Подъехав к местожительству золоторукого ремесленника, почти восьмидесяти годков озорника при пятидесятилетней второй жене, извлек он винтовочный обрез из-под сена и поковылял к отворенной калитке. Дед Силантий уже нес ему навстречу свою беззубую улыбку.
Петрухина задумочка мебельщику понравилась. Но озадачила сильно.
– Эвон чё… Ступочку тебе новую? А в нутро ружьишко неприметным образом приткнуть, дабы и пульнуть мог оттель и скоренько извлечь для перезаряду? Ай да ты хитрец! Ай да шалун прохиндеевич! Храни тя вседержатель и умных прочих.
– И не много тяжелыне угадай, друг мой любезный, – дополнил заказчик. – Не забудь, – мне эту штуковину таскать надо. Удружи.
– Нехреновенько удумал, голубь мой. Зачем? – позволь любопытство. От кого таить ружьишко? Волк и через деревяшку унюхает. Легко.
– Не был на сходе, не знаешь, лень тебе в рот. Германец в уезде стяг с управы сдернул и вольно топчет сапогами. Оккупация, брат. Всякий шухер может быть.
Глазки-щелочки деда Силантия возмущенно увеличились, как у молодого разбойника стали. Морщин под ними сразу убавилось, – все на лоб заспешили наперегонки, помочь мозгам новость переварить.
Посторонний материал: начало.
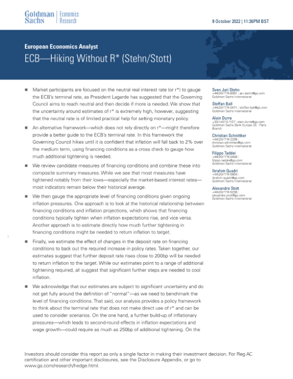 【Goldman Sachs】【20221009】European Economics Analyst_ ECB—Hiking Without R_-13页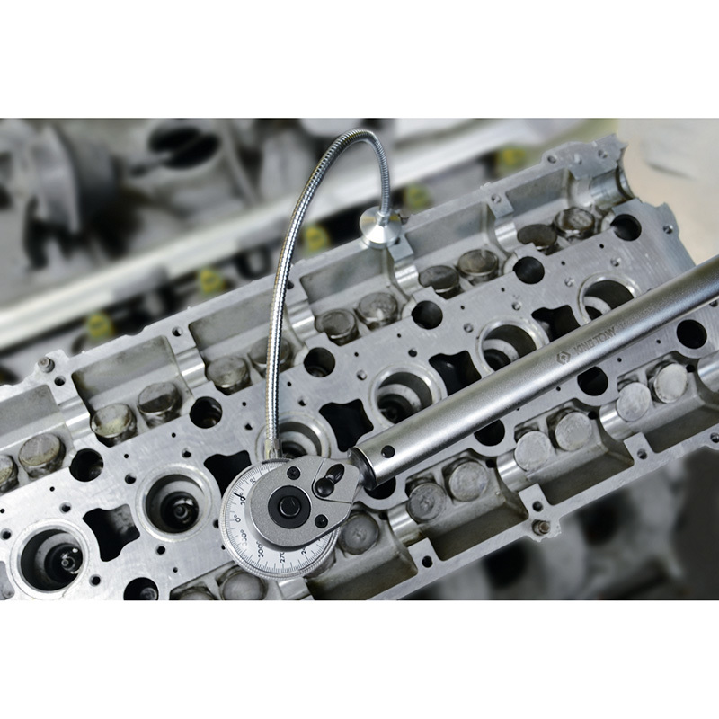 Угломер KING TONY 34660A применяется с динамометрическим ключом в случае необходимости затяжки крепежа с определенным моментом и углом.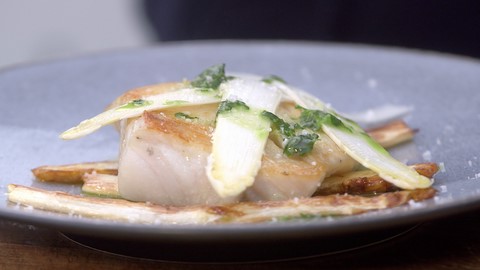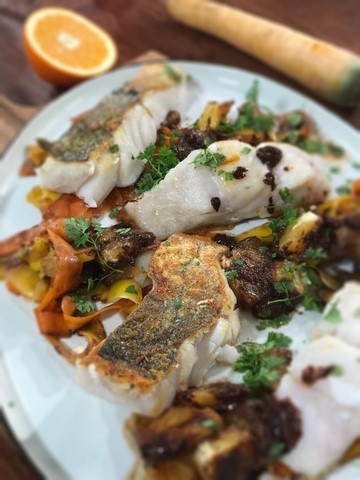 Lieu jaune doré, barigoule de fenouils aux citrons confits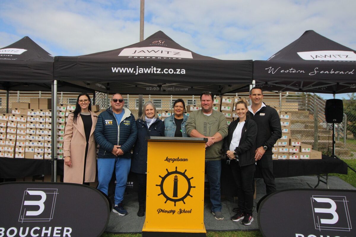 Jawitz West Coast, Langebaan CPF and Jawitz Western Seaboard gave back to Langebaan Primary School by proudly sponsoring 450 pairs of school shoes to the deserving learners.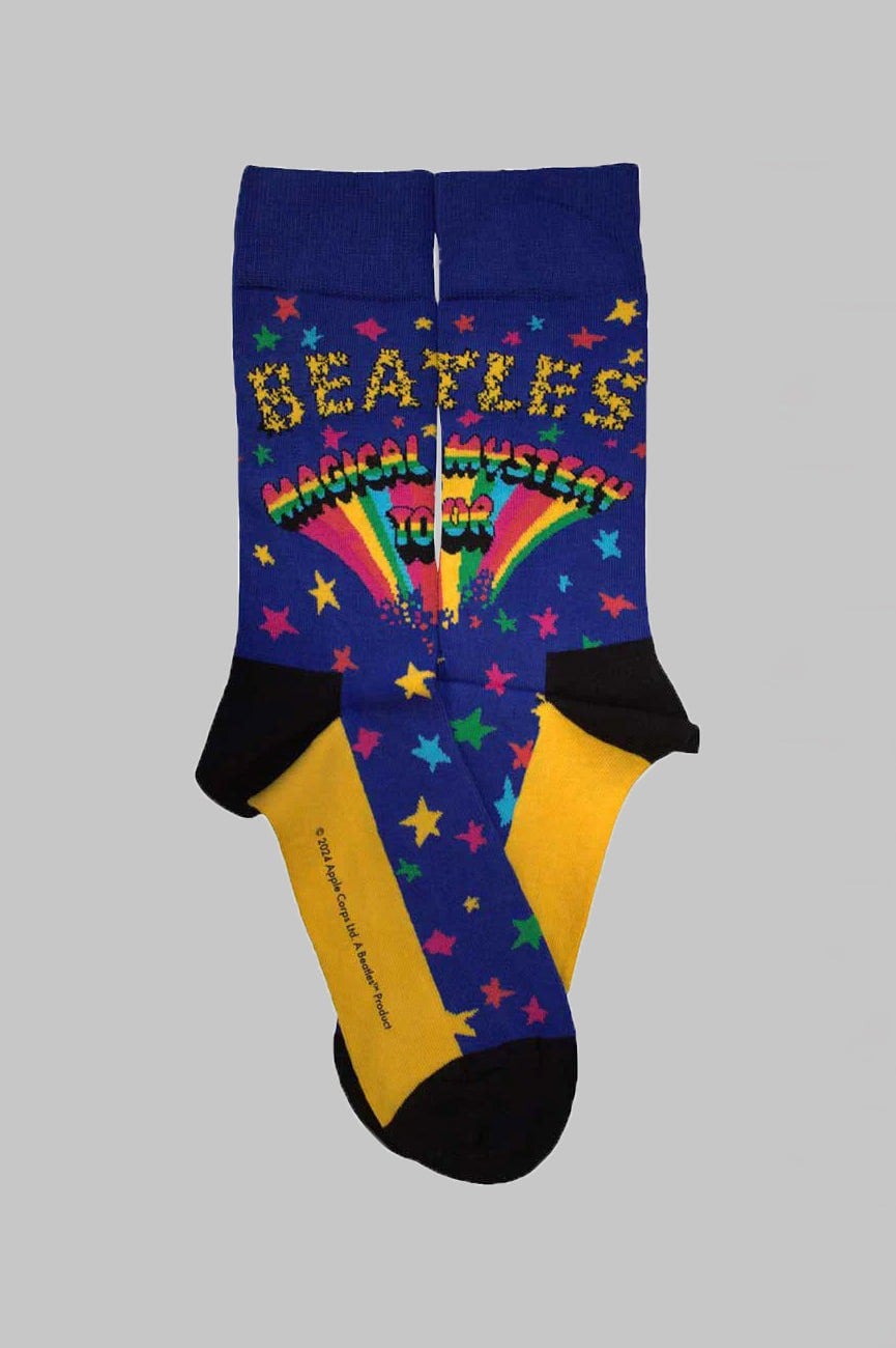 Official licensed The Beatles Ankle Socks featuring the 'Magical Mystery Tour' design motif. High quality Ankle Socks available in a blue colourway. High quality 86% cotton, 12% polyamide, 2% elastane ankle socks featuring an all-over pattern and cotton rich. These woven socks are guaranteed to stand out in the crowd.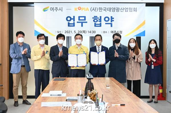 여주시와 한국태양광산업협회는 5월 20일 여주시장실에서 이항진 여주시장과 홍성민 협회장 등 관계자 8여명이 참석한 가운데 태양광 보급 활성화를 위한 업무 협약을 체결했다. 이번 협약은 여주시 시민참여형 태양광보급사업의 원활한 추진을 위하여 상호 정보 교류 사업 개발을 하며 나아가 2050 탄소중립 계획을 이행하고자 진행됐다. 여주시는 현재 주민에게 발전수익이 돌아가는 여주형 태양광 사업’을 추진하고 있으며 이와 연계하여 태양광 홍보 및 사후관리 교육을 통해 여주시민들의 태양광에너지 수용성을 높이는데 중점을 둘 계획이다. 여주시 관계자는 협업을 통해 6월부터 시작하는 여주시 에너지활동가양성 교육과정을 시작으로, 태양광의 원리와 사후관리에 관한 책자 및 동영상을 제작한 후 지역 내에 배포하여 주민에게 양질의 정보를 제공할 것이라고 밝혔다.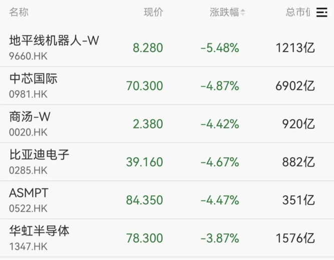 港股方面,恒生科技指数跌超2%,中芯国际、商汤、比亚迪电子等均跌超4%。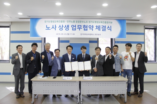경기도평생교육진흥원은 23일 경기미래교육파주캠퍼스에서 민주노총 전국공공운수노동조합 경기도평생교육진흥원지부와 ‘노동이 존중되는 경기도 구현’을 위한 업무협약을 체결하고, ‘노동인권 상담센터’ 출범을 위한 현판식을 개최했다.

– Ну и жизня, – вымолвил он сипло. – И когда она оставит нам покой.
– В гробу!
– Сомнительно, что и там, при таком мировом помешательстве.
– Бог не выдаст…
– Твоими б устами…
– Живы будем, – не помрем.
– А и не жалко при таком повороте… За сыночка только нервы… Не сожрали бы вши, не убили бы люди, – совсем помрачнел озорной старик. – Ох да извини меня, Петя, нечаянно все вышло. Иди, ставь брагу, корми кабанчика на закусон и сильно не переживай.
9
Слабоват глазами был дед Силантий; ладони, как ни относил подальше, в тумане наблюдал, и уж когда мастерил какую закавыку, решающее доверие оказывал пальцам, – уж те знавали и размер, и всякую неровность, исправно руководя трудом. А про стекла на носу для пущей зрячести что сказать? – мешали рукам творить, разлад вносили, досаждали чувству.
В умелости своей не сомневался старый мастер, но сладить для инвалида деревянную ногу с «двойным дном» оказалось вдруг так сложно, как того Силантий вообразить не мог.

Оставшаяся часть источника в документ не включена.